We were in the same audience chamber as the day before. Not the big one that was used when all the ministers and everyone were in attendance—the smaller one that was just for when a few close associates were meeting with the empress. There was one minister, however, someone who hadn’t been present the previous day. The prime minister, specifically. Zahar. He stood next to Garius, who stood next to Petralka’s throne.
Prime Minister Zahar was a thin old man, sort of the stereotypical prime-minister type. He had obviously led a full life, and was now using his experience to advise the important people of his realm. He was soft-spoken and often smiled, and despite his age, he didn’t give much sense of being withered or weak.
Prime Minister Zahar was Petralka’s main advisor when it came to politics and economics. Garius, meanwhile, helped her with military matters. Or anyway, that was the impression I had gotten from watching them over the past several months. In other words, at that moment, I was looking at the beating heart of the empire.
And...
“Court Artist?”
...all three of them, the most important people in the Eldant Empire, were, at the moment, collectively looking at me as if I had lost my mind.
“What exactly are you talking about?” Garius asked in exasperation. Petralka and Zahar didn’t say anything, but from their expressions it looked like they were thinking the same thing.
Well, I couldn’t blame them. Here in the Eldant Empire, when you found a spy from an enemy country snooping around, standard operating procedure was to torture and then execute them. Minori-san had explained to me that this was partly about sending a message to any other spies who might be thinking about sneaking in... but, she’d added, it wasn’t without a certain emotional motivation, either.
“There’s a good chance that the werewolf in question is a spy from the kingdom of Bahairam,” Garius said. He went on soberly, “We have no firm proof, but circumstantial evidence makes it extremely likely.”
“Wait, wait, wait!” I said. I knew innocent until proven guilty wasn’t really the way things worked around here, but still... “You might be right, but what about the off chance that...”
“That what?”
“That she isn’t... guilty...”
“One is guilty until proven innocent. That is what allows the state to endure,” Garius said curtly.
I thought that might be the case. My shoulders mentally slumped. The Eldant Empire wasn’t exactly up on the latest thinking about human rights. I could talk about false charges until I was blue
in the face and it probably wouldn’t mean anything to them.
That meant my only chance was to try a different approach. Petralka and Garius would both listen to reason if they knew there was some benefit to it.
“In any event,” Garius said, “I don’t think the disposal of a spy falls within your stated responsibilities.”
“Maybe not,” I said as nonchalantly as I could. I had the distinct sense that if I gave any hint that I sympathized with Elvia, it would only cause them to doubt my motives and refuse to listen. “But if she really is a spy, I think it would be more advantageous to the Eldant Empire to let her live—and give her to me.”

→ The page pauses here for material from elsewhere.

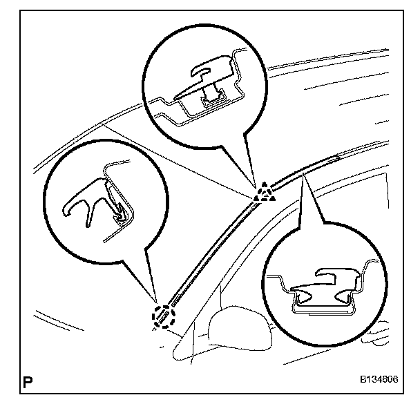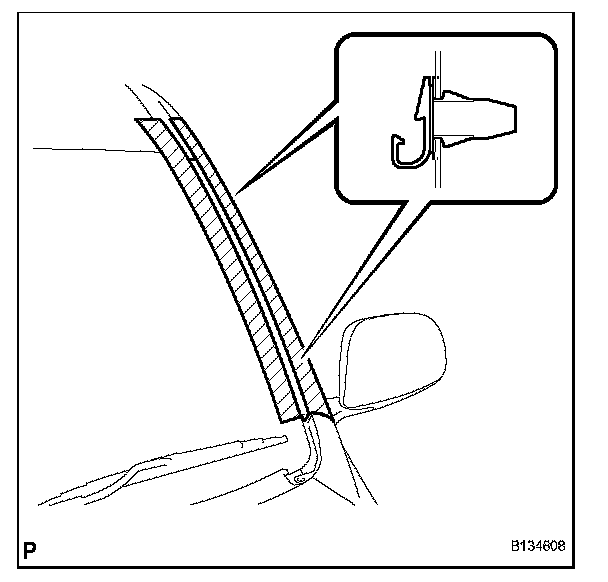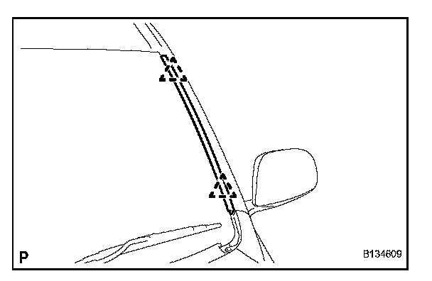 b. Install the windshield outside moulding, as shown in the illustration.

“Come again?” the knight asked, with an expression that clearly said he doubted my sanity.
“This used to happen all the time in my country—as you can tell from how often it shows up in manga and anime and stuff. If you kill her, there’ll just be another spy later, right?”
“Obviously. All the more reason to arrest and execute them when they—”
“But you won’t find that next spy right away, will you? They aren’t going to be all, ‘I’m a spy!’ at the border crossing.”
Garius narrowed his eyes. “One imagines not. And...?”
He was starting to look almost interested. Not interested in me! No. Just in what I had to say. This was definitely not a flag tripping.
“Well, what if you let her live, let her make her reports like usual? To this kingdom of Bahairam or wherever. But she only tells them the things we tell her to say. It doesn’t have to be the truth. It could be the opposite of the truth, if you want.”
“Hrm. What is this you’re proposing?” Petralka was looking at me dubiously, but as I had hoped, Zahar and Garius seemed to have grasped what I was trying to say. I saw comprehension and surprise slowly dawning on their faces.